Что-то скудное ощущается во всяком новейшем беллетристическом произведении, как только вспомнишь, какие возможности таило в себе творчество Бальзака, в котором аналитически настроенный историк с такою легкостью находит нагромождение недостатков. Есть нечто безусловное, достоверное и в самых неудачных его произведениях, от взгляда на которые кризис современной литературы становится ужасающе явственным. Как только мы освобождаемся от указок позитивной исторической науки, наше непосредственное восприятие называет творчество Бальзака абсолютным. Если не бояться явно устаревших терминов, по первому впечатлению хочется назвать романы Бальзака абсолютно-эстетическим явлением: настолько впечатление это сильно, настолько снисходительно готово оно отнестись к самым недостаткам его романов.

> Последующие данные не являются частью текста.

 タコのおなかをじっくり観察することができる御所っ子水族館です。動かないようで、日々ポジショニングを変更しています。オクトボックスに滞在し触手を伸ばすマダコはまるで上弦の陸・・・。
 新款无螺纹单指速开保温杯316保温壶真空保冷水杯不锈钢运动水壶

Как могло случиться, что так разошлись теории и впечатление, на котором они как будто построены? Теории эволюционные, общественно-прогрессивные говорят, что Бальзак достойный предшественник Зола, теории отвлеченно-эстетические находят длинноты, несуразности, дидактизм и наивности в его романах, непосредственная же впечатлительность, не умея даже ответить на все эти упреки, тем не менее верит только себе, отдается Бальзаку простодушно, всецело и взволнованной его речи внимает как безусловной, по самому факту своего существования, неопровержимой и непоправимой мелодии.

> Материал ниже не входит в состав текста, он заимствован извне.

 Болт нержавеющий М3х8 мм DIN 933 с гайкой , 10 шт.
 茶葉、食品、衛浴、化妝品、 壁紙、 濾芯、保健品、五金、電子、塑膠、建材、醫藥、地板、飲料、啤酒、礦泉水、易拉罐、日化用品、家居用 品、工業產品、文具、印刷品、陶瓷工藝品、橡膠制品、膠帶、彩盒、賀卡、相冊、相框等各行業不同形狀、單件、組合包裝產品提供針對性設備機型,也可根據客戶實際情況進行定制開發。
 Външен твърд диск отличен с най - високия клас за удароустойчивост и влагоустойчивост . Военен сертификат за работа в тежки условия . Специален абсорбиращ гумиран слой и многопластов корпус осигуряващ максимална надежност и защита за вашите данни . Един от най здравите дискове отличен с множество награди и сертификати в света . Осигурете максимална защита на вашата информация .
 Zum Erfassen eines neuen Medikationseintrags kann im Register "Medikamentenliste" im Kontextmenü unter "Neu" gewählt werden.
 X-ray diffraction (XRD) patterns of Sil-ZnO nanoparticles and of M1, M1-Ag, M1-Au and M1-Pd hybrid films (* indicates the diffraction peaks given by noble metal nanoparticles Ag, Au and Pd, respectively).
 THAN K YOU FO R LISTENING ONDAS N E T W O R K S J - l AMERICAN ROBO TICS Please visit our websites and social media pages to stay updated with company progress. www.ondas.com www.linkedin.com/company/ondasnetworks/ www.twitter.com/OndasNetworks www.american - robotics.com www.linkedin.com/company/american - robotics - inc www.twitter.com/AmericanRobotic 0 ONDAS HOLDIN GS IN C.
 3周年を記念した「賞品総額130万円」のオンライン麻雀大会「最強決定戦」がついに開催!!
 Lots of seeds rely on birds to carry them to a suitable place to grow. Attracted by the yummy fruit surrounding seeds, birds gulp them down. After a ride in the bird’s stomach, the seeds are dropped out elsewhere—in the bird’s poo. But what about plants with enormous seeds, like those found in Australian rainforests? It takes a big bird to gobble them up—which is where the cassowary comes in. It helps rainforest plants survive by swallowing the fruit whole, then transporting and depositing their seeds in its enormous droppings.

Едва ли скоро удастся построить э[сте]тику, исчерпывающе объяснив непосредственно постигающие нас эстетические волнения, и тем меньше надежды на то, что это может удаться в применении к искусству слова. Лучше обстоит еще дело с теорией и оценкой стиха. Правда, добытые критерии вовсе не служат ручательством за то, что поэзия обеспечена теперь верным руководительством, что, научившись считать многосложные стопы, слышать цезуры и внутренние созвучия, поэты завтрашнего дня именно этой науке будут следовать и таким образом создадут прекрасные произведения. Тем не менее основные начала теории стиха как будто даны. Но как быть с прозой? Да, конечно, Гоголь писал языком ярким, а Чернышевский суконным; конечно, романы Тургенева беллетристичны и холодны, а в иных его рассказах вспыхивает свободное творчество; конечно, современные русские прозаики поступают правильно, отказываясь от поучений и доказательства простеньких истин ради хотя бы заботливых описаний; и еще, конечно, правда, что на Западе теперь есть мастера прозы вроде Франса или Ренье. Но почему русские новейшие прозаики дают так мало минут эстетического освобождения? почему в самых их замыслах нет какой-то последней серьезности? почему, с другой стороны, такие прекрасные западные прозаики оставляют в нас своим скептицизмом, самой отделанностью своих образов впечатление «последних поэтов», горько улыбающихся над растраченным наследством? И, несмотря на освобождение искусства, совершающееся на наших глазах, достигнуты ли хотя частичные, но верные критерии, чтобы суметь отличить чистую публицистику от произведения искусства? Опасающийся впасть в ошибку теоретик скажет, что проза Пушкина, Меримэ, Флобера, Л. Толстого безусловно относится к искусству. Но как провести эстетические обозначения по такому беспорядочному, исполненному явных недостатков творчеству, каким было творчество Бальзака? Между тем непосредственно мы ему верим. И конечно, это доверие должно стать исходной точкой эстетики. Но откуда оно происходит?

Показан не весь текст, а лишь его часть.